Universities – Students are the most important aspect of University feeders, with professors a distant second. Brad believes that much of the innovation that occurs within an academic setting occurs outside of the business school.
His theory is consistent with many of the points raised in Why Entrepreneurs Hate (Most) MBAs. All too often, business students passively wait for innovation to fall into their laps, rather than exploring labs and computer science departments in search of promising advancements.
Investors – This group too often forgets that the entrepreneurs are the heroes of any startup community. Although local, value-added capital is certainly a catalyst within a startup community, local investors are not the community’s lifeblood. Great ideas coupled with competent entrepreneurs will attract sufficient capital, as exemplified by AngelList’s ability to match investors with great opportunities, the world over.
Mentors and Advisors – Brad makes a distinction between these two groups, noting that “an advisor has an economic relationship with the company” she is helping, whereas mentors do not. Successful mentors “give before they get” – a theme which resonates throughout Startup Communities.
Service Providers – These folks are typically over-represented at startup events: lawyers, accountants and the dreaded consultants. Brad suggests that the formula for success for service providers is consistent with that of mentors – give of your time, attention and creativity freely and good things will follow, such as an equity slug in a hot startup.
Large Companies – Successful, established companies can contribute to a startup community by sponsoring and hosting entrepreneurial events and allowing their executives to mentor aspiring entrepreneurs. Such activities are not altogether altruistic, as allowing their employees to vicariously share in the excitement of startups will reduce the number who become bored and leave the big company to pursue an entrepreneurial venture.

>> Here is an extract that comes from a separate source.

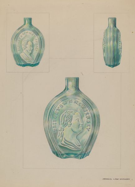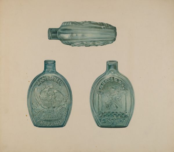 V.L. Vance made this watercolor drawing of a Washington Eagle Flask, but we don't know exactly when. The way Vance has depicted the flask, it feels almost like a memory, or an x-ray. You know, something that's there, but not really. The light blue wash is applied really thinly across the surface of the paper, it’s a very delicate tone. The marks that define the form of the flask have been drawn with purpose and confidence, but also kind of softly. It looks like Vance made this drawing quickly, not fussing too much about the details. I like the simple palette, it kind of mutes the patriotism of the imagery! There is a softness to the drawing that really helps to evoke the flask, but also keeps it at arms length, like an illusion. This reminds me of Giorgio Morandi’s paintings of bottles, where the shapes and forms are more important than the object itself.

Danger Will Robinson, Danger
Brad also highlights pitfalls he has seen repeated in the various startup communities he has visited. I found this list particularly instructive, as avoiding these common errors can jumpstart a nascent community, while running afoul of them may doom it. Some of the pitfalls I found particularly instructive include:
Patriarchs Ain’t Your Daddy – Brad characterizes this challenge as the “old white-guy problem” in which a hierarchy of older, successful people is looked upon by the rest of the business community to “run the show.”
Solution: Ignore the old guard and operate autonomous of any such hierarchies.

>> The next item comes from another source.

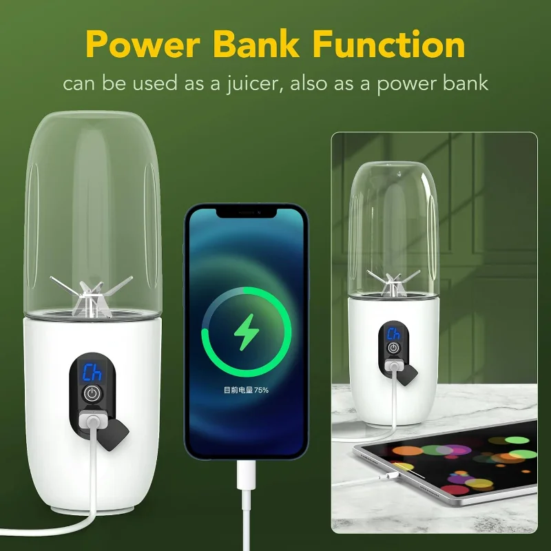 --【???????????????????????????????????????????????????????????????????????????????????????????????????؟】: هذه العصارة قابلة لإعادة الشحن، ويستغرق شحن العصارة بالكامل حوالي 3 ساعات.بطارية بسعة 4800 مللي أمبير تسمح للخلاط الصغير بالمزج حوالي 25 مرة عند الشحن الكامل.مع وظيفة بنك الطاقة، يمكن شحن هاتفك.اضغط لفترة طويلة على زر الطاقة لمدة ثلاث ثوان.بعد ذلك، تعرض الشاشة 05، ويمكن تشغيل وظيفة الشحن في هذا الوقت، مثل شحن هاتفك أو IPaid.

Newcomers Ain’t Strangers – As the saying goes, “In a small town, you are no longer a stranger after 20 minutes, but you’re still a newcomer after 20 years.” Brad cautions against this mentality, encouraging leaders and feeders to reach out to new entrants to their startup communities.
Solution: In Santa Barbara, there is an unofficial “welcoming committee” of entrepreneurs who help newcomers become networked within our startup community. Step up and informally create such a welcoming committee in your hometown.

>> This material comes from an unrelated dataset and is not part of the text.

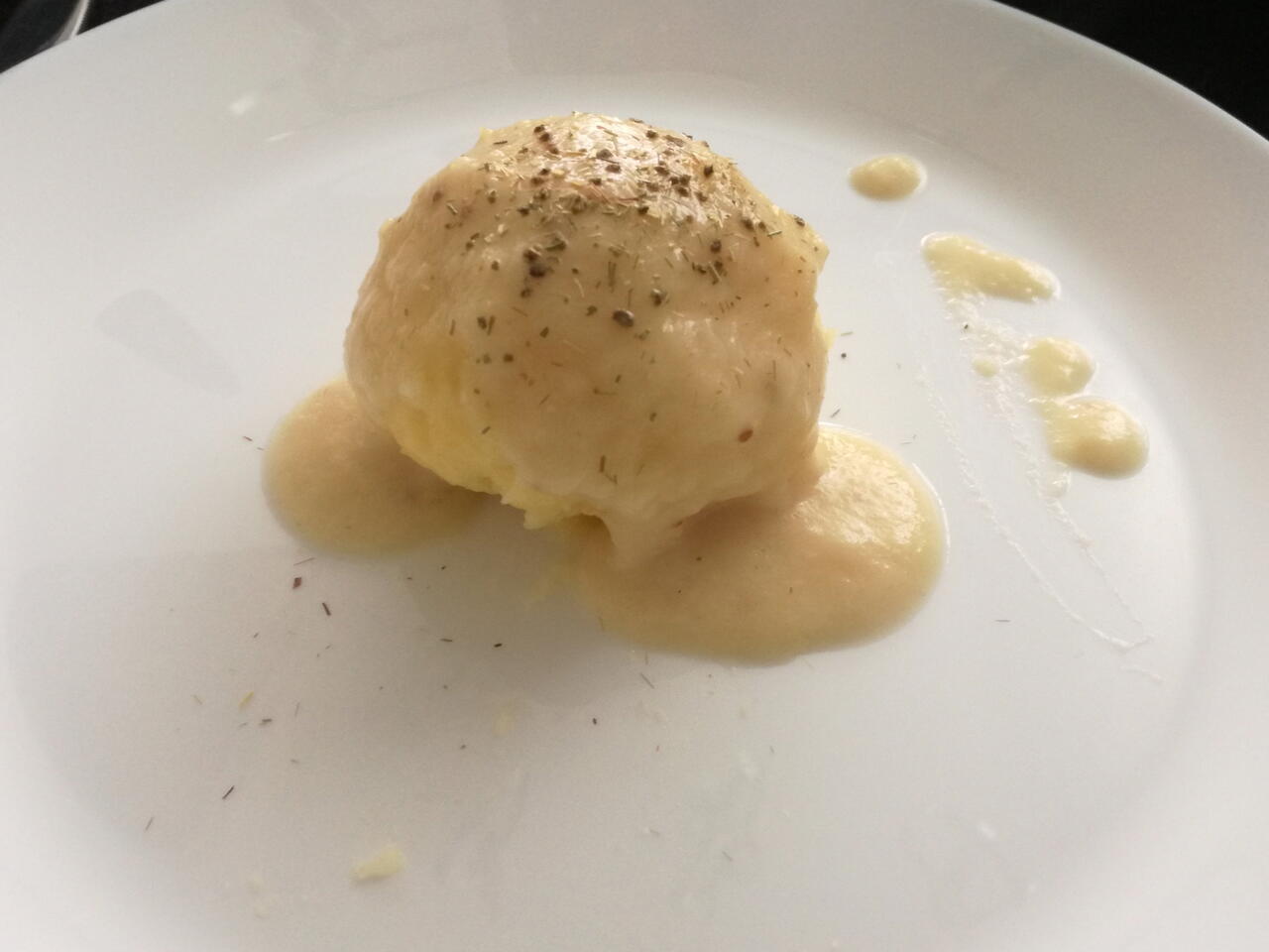 Die fertigen Knödel auf einem Teller anrichten und mit Sauce garnieren, ein wenig Zitronengras darüber streuen und genießen;).

Incubating And Accelerating Success
Not surprisingly, Brad includes a chapter in Startup Communities regarding the appropriate roles of incubators and accelerators in a startup community. Brad and I discussed this lively topic when we chatted last year. You can hear Brad’s thoughts in the following seven-minute excerpt from our discussion.
Brad elaborates on our discussion by encouraging startup communities to create accelerators and incubators that support all four tenets of the Boulder Thesis:
1. Entrepreneurs are the leaders
2. Leaders have a long-term view
3. Startup community is inclusive
4. Startup community consistently hosts activities that engage all members
Whether you are a real or an aspiring leader or feeder within your startup community, I strongly encourage you to use Startup Communities as your playbook.